I've been some combination of confused, terrified and furious since that Thursday night with Jason. If you can't sense that, then you're doing a terrible job reading my emotions. If I could have you evicted, fired, or arrested, I would. In a heartbeat.

It can't serve your purposes to have me crazy and irrational...unless you're a demon trying to make me crazy and irrational. Is that what you are?

You talk as if you want to be my guardian angel, yet you haven't shown any knowledge of anything heavenly. All I know about your goals and objectives is an obsession with some diaper story you wrote before you died. I don't understand what that has to do with you finding your ultimate destination, and I don't think you do either.

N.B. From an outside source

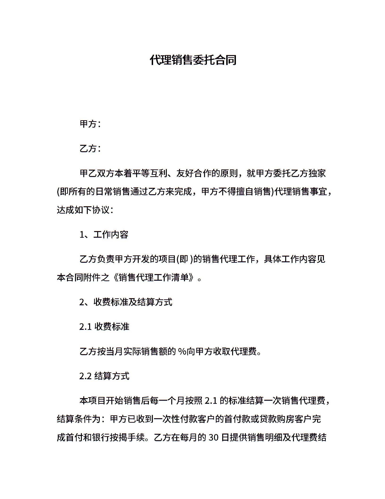 代理销售委托合同
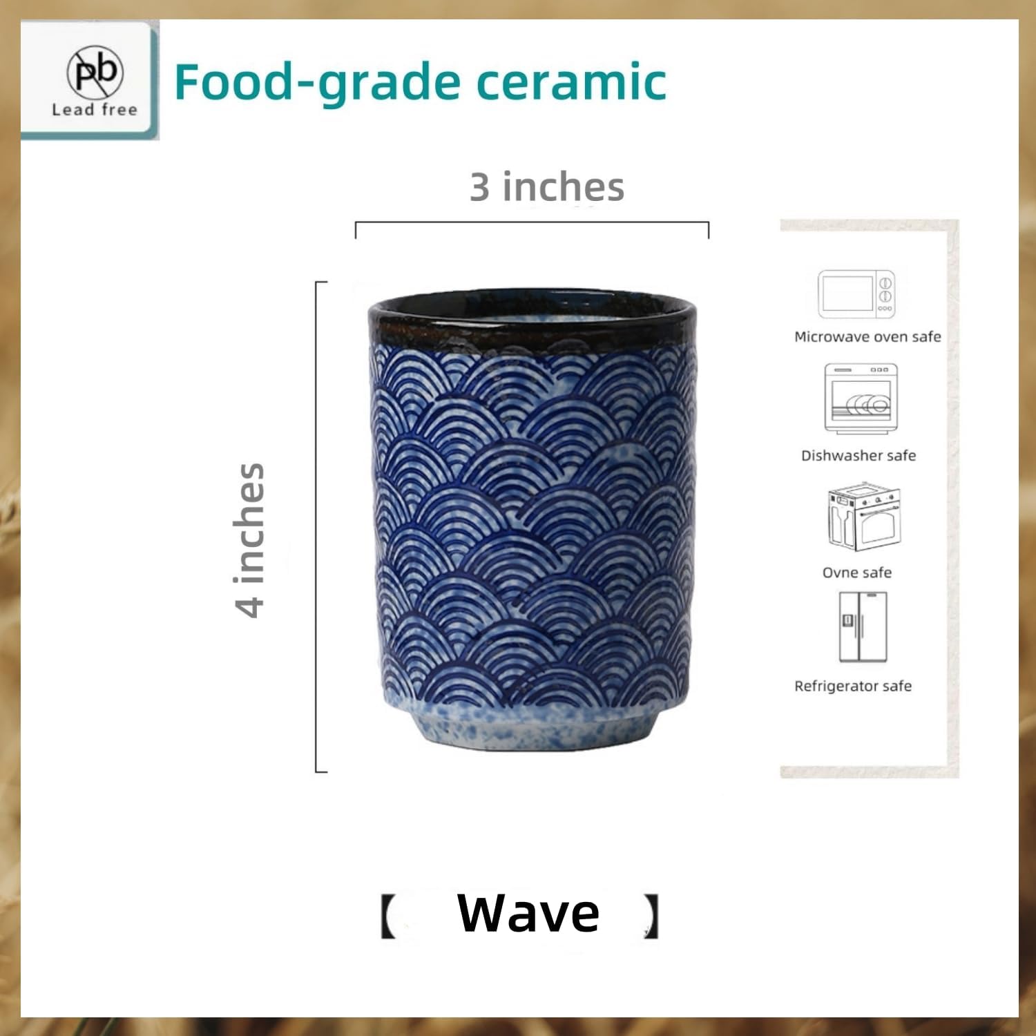 Stoneware Coffee Bar Utensil Holder Tea & Coffee Spoon & Stirrer Holder for Stir Stick Straw Teaspoon Holder Spoon Cup Small Utensil Jar (Blue Wave)

I wonder how many bedwetters are really evidence of lost souls looking for a story?

OK, I've got that off my chest. I said I'll go see your wife about the file, and I will, if only because it will keep you from making trouble for me or someone else. There's no chance I'll let you borrow my body for the trip. You might think you know how to do a good chirpy extroverted cheerleader, but I'm the expert, and I don't know you well enough to trust that you won't commit other mischief on the way that will come back to haunt me. Pun intended.

That file being where and what you claim is also evidence you're telling the truth. I need to find it myself and see it with my own eyes to be sure its not a trick. That's still not 100% proof, but it helps.

I'm pretty sure I know where your fire safe is, from being in your basement at a party with my parents. I was watching when you showed them. Its not a safe at all, but it is fireproof. No, I'm not going to describe it in case one of these wierdos knows where your wife lives.

You are right about one thing. A safeword is a good idea. It never hurts to be prepared. If I need you, I'll sit down, say "Sorry, foot cramp", and tug on the toes of my left shoe. That should put you in a position to take over without a crash and burn. Don't get any ideas. I'm considering going over there diapered. That means if I call you out, I would expect you to come out, and go back in as soon as we get what we need. No longer. I mean it.

I don't really care if your wife happens to notice I'm diapered. Even if she never knew about my issues (God, I still can't believe my Dad told you...unless that's one of your little demon lies and you know it some other way). She doesn't ever see my parents, so there's almost no possibility it'll come back to me.

That's all for now. Stay put. I might give you permission for a quick chat before I go over to see your wife. Might.

P.S. Is there any way you could go to sleep, or disconnect or something when I'm with Jason...or in the bathroom? Knowing you're in there watching is just too creepy for words.

P.P.S. The sad truth is, I've been so freaked out and preoccupied the last couple weeks, Jason probably had a better time with you than he would have with me. No, that is NOT permission to come out.

P.P.P.S. Yeah, I suspect you can come out any time you want, whether I give you permission or not. Remember that I have the letter, and I hid it in a secure place while you were with Ally. Its not exactly nuclear deterrent, but I do know you want that almost as much as you want the original story.